Like it or not, our rights are defined by the limits of the law as passed by Congress and interpreted by the judiciary. For details, see The Constitution (e.g., Bill of Rights). Unfortunately, our founding fathers failed to include fishing among our inalienable rights (what were they thinking!!??). So, it doesn't quite rank up there with freedom of speech, religion, press, assembly, redress of grievances, etc. So we are stuck with what we have.

But that doesn’t mean our personal views should reflect contemporary legal interpretation (or reality for that matter). For example, surely the right to gather sustenance is within our rights as a people to survive. As a matter of survival, fishing should be considered a necessity. It is in rural Alaska - up there subsistence fishing is a right for everyone living in rural areas. So if it’s good in some places, why not everywhere? Well, perhaps it is. The right to fish is not limited. Anyone can get a fishing license at any time. That’s all you need (legally) to go fishing. But here’s where reality sets in. Fish are public resources. They are not private. If you want to retain public resources (your fish) for personal consumption, that’s a privilege, not a right. The public must always retain the authority to limit how, when, where, and how much of it’s resources can be used for private gain (e.g., your dinner). This is no different than logging on public land, irrigation water withdrawals, mining, cattle grazing, etc. So, in other words, fishing should be a God-given right that cannot be taken away. But the authority to retain any fish is, and must remain, a privilege that is subject to appropriate regulation.

With some trepidation I will add the following: The right of the Indian Tribes to hunt and fish in their usual and accustomed places is outlined in Federal law (treaties) and is no less binding than the Constitution. The treaties between the Federal government and the various Indian nations that were written and signed before the States were in existence have clearly stated rights, not privileges. But there is also another critical distinction. These hunting and fishing rights pre-date the treaties. That is, the treaties do not provide these hunting and fishing rights to the Tribes. These hunting/fishing rights have existed since time immemorial and the treaties state that by signing these treaties, the Tribes are not giving up these rights. That remains the case to this day.

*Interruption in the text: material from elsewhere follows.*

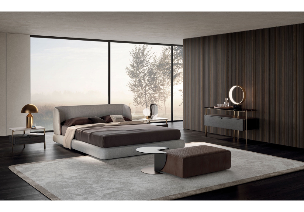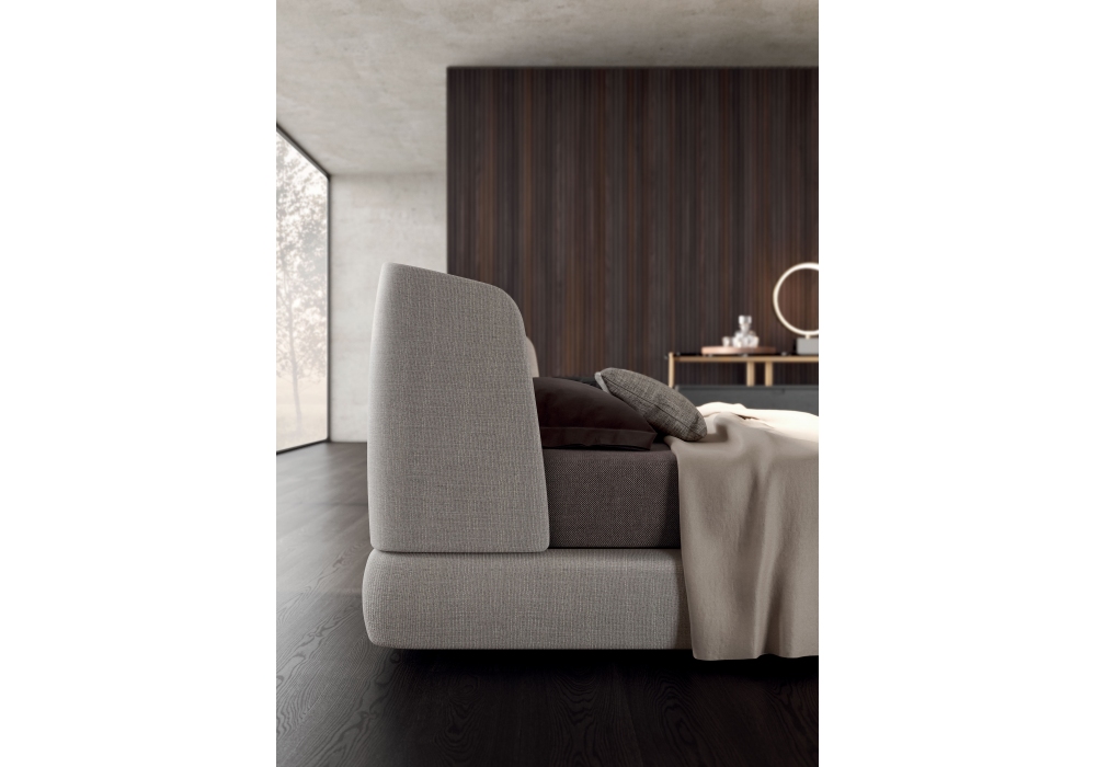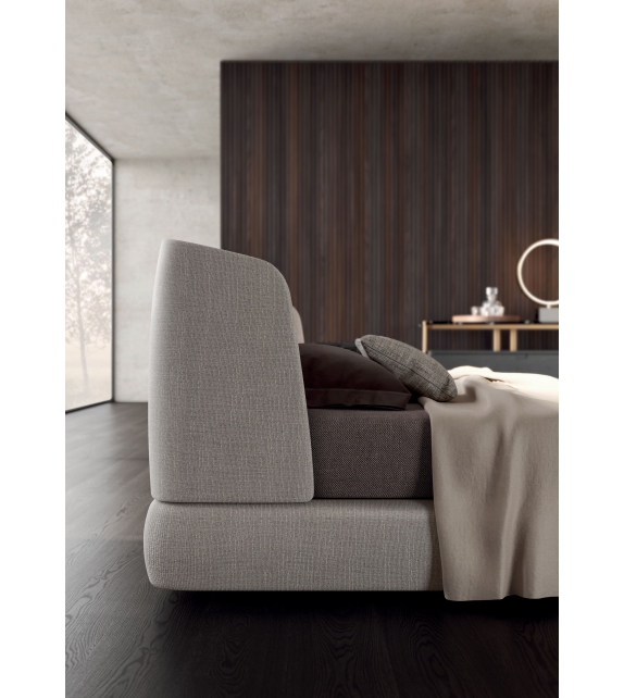 Virgin conçu par Mauro Lipparini pour MisuraEmme est un lit disponible avec ou sans caisson et en différentes dimensions. Il se distingue par sa tête de lit enveloppante, recouverte de tissu ou de cuir.

But for the rest of us, both fishing and the retention of fish is a privilege (as a matter of law). I’m not sure I would want it any other way. We all need to share both the act of fishing (Blue Creek notwithstanding) and the retention of the catch. I understand and respect the Tribal treaties and how they are interpreted, but I’m not sure that would lead to a better system of fishery regulation if they were applied to everyone. In fact, it would likely be worse. Can you imagine if anyone and everyone could use a gillnet to retain their seasonal punch card limit of salmon/steelhead? Scary indeed.